Task to complete
Return all the data verbatim but without images.

Source data
◆ ◆ ◆ ◆
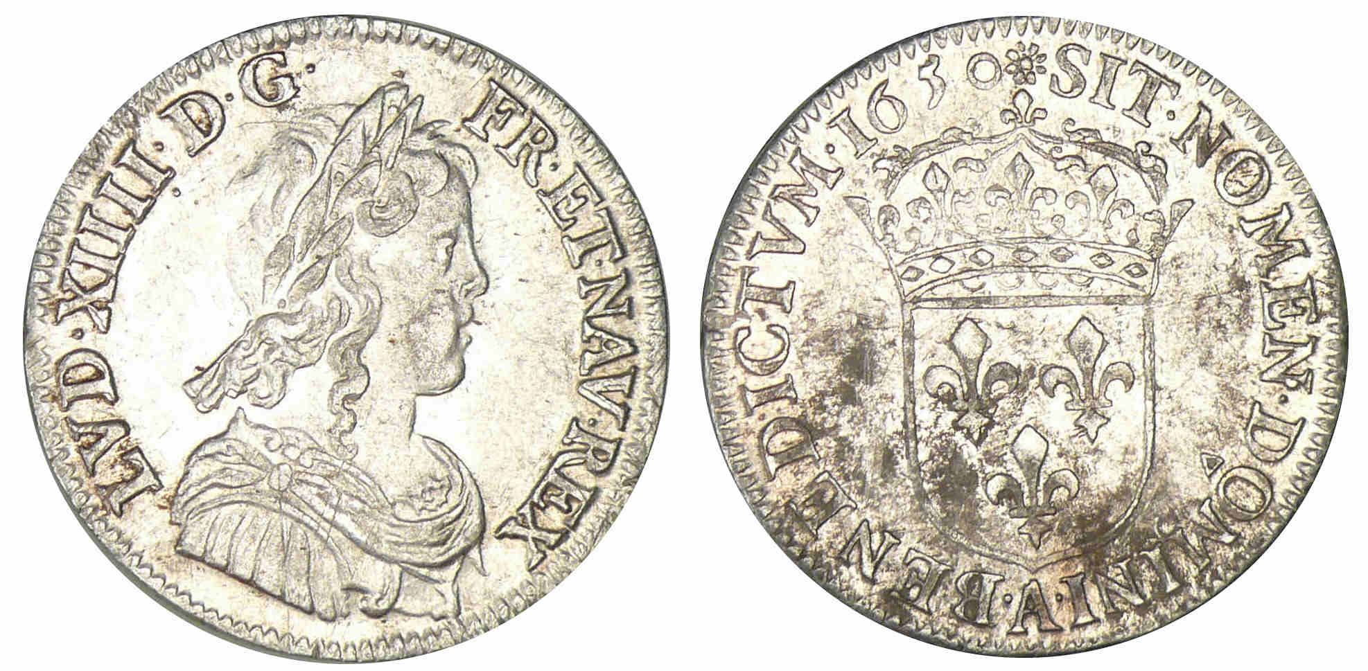 / Louis XIV – Quart d’écu à la mèche longue 1650 A (Paris)
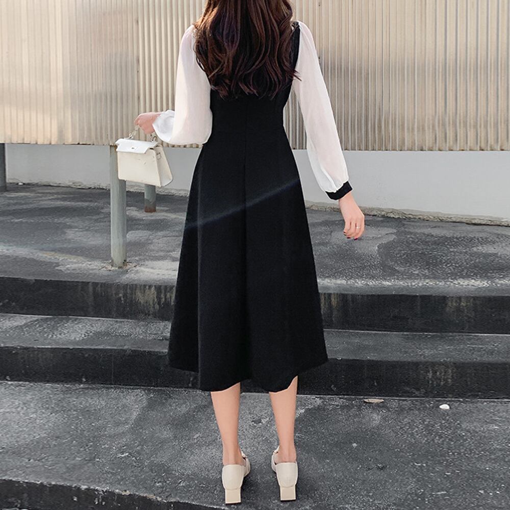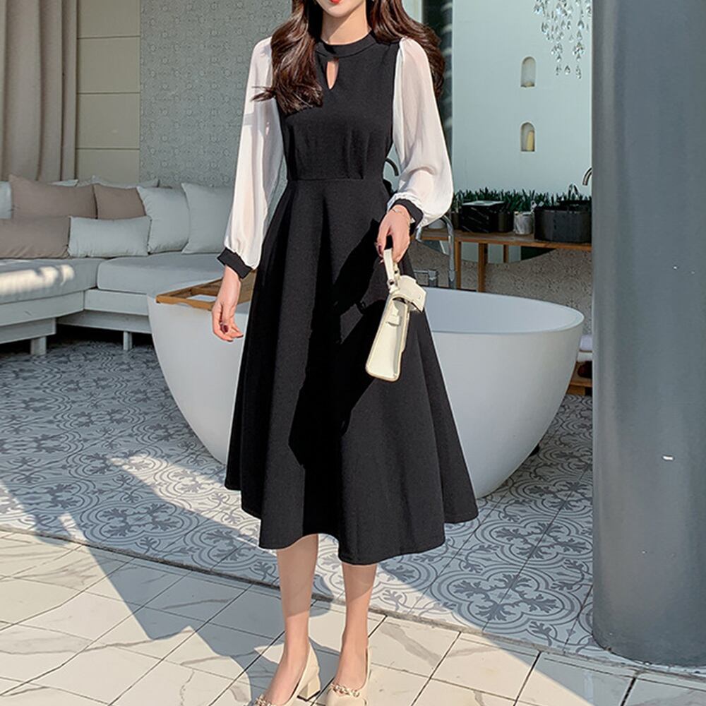 シフォンスリーブワンピース レトロ風 Aラインワンピース フォーマル 通勤OL 長袖ワンピース 春新作結婚式ドレス 韓国ファッション
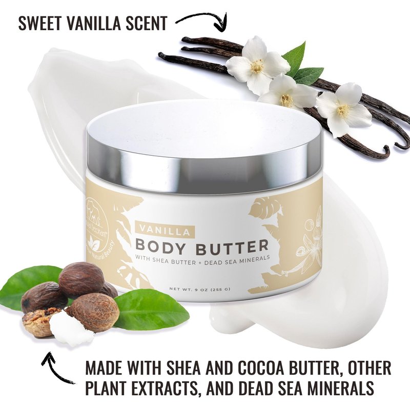 - Vitamins A and E Infusion: Enriched with vitamins A and E, this body butter helps to nourish and moisturize your skin. Dead Sea minerals complement this blend, contributing to a refreshed and revitalized look.
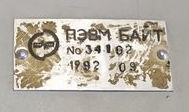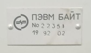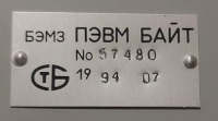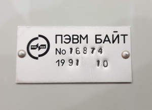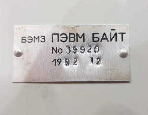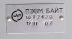 | 1991.12 | 07539Тут какая-то нестыковка. Компьютер с таким номером должен быть «старой» модификации, но по факту это самый обычный «Байт». Поэтому остаётся загадкой почему такой серийный номер и такая дата изготовления. Вероятно, дата выпуска с ошибкой в один год. Для такого номера более подходит дата выпуска 1990.12 | | |
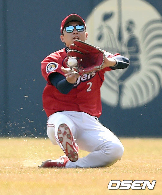 19일 오후 서울 잠실구장에서 열린 '2015 KBO리그 시범경기' 두산 베어스와 KIA 타이거즈의 경기, 6회말 2사 두산 정수빈의 타구를 KIA 신종길이 호수비 펼치며 잡아내고 있다.
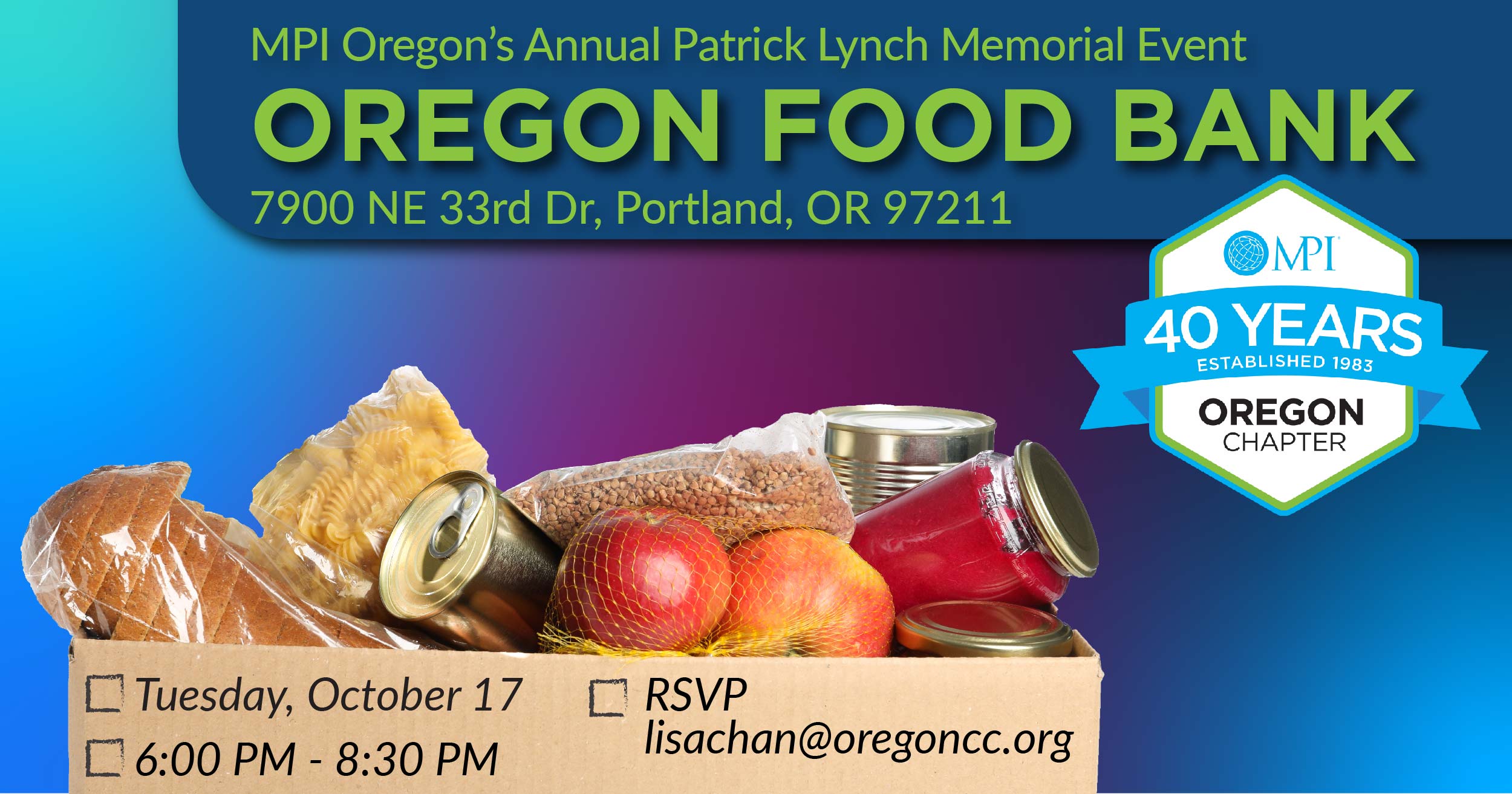Your helping hands are needed for MPI Oregon’s Annual Patrick Lynch Memorial event at the Oregon Food Bank on October 17th ... because no one should go HUNGRY.
◆ ◆ ◆ ◆
Result of the exercise
 / Louis XIV – Quart d’écu à la mèche longue 1650 A (Paris)
 シフォンスリーブワンピース レトロ風 Aラインワンピース フォーマル 通勤OL 長袖ワンピース 春新作結婚式ドレス 韓国ファッション
 - Vitamins A and E Infusion: Enriched with vitamins A and E, this body butter helps to nourish and moisturize your skin. Dead Sea minerals complement this blend, contributing to a refreshed and revitalized look.
 | 1991.12 | 07539Тут какая-то нестыковка. Компьютер с таким номером должен быть «старой» модификации, но по факту это самый обычный «Байт». Поэтому остаётся загадкой почему такой серийный номер и такая дата изготовления. Вероятно, дата выпуска с ошибкой в один год. Для такого номера более подходит дата выпуска 1990.12 | | |
 19일 오후 서울 잠실구장에서 열린 '2015 KBO리그 시범경기' 두산 베어스와 KIA 타이거즈의 경기, 6회말 2사 두산 정수빈의 타구를 KIA 신종길이 호수비 펼치며 잡아내고 있다.
Your helping hands are needed for MPI Oregon’s Annual Patrick Lynch Memorial event at the Oregon Food Bank on October 17th ... because no one should go HUNGRY.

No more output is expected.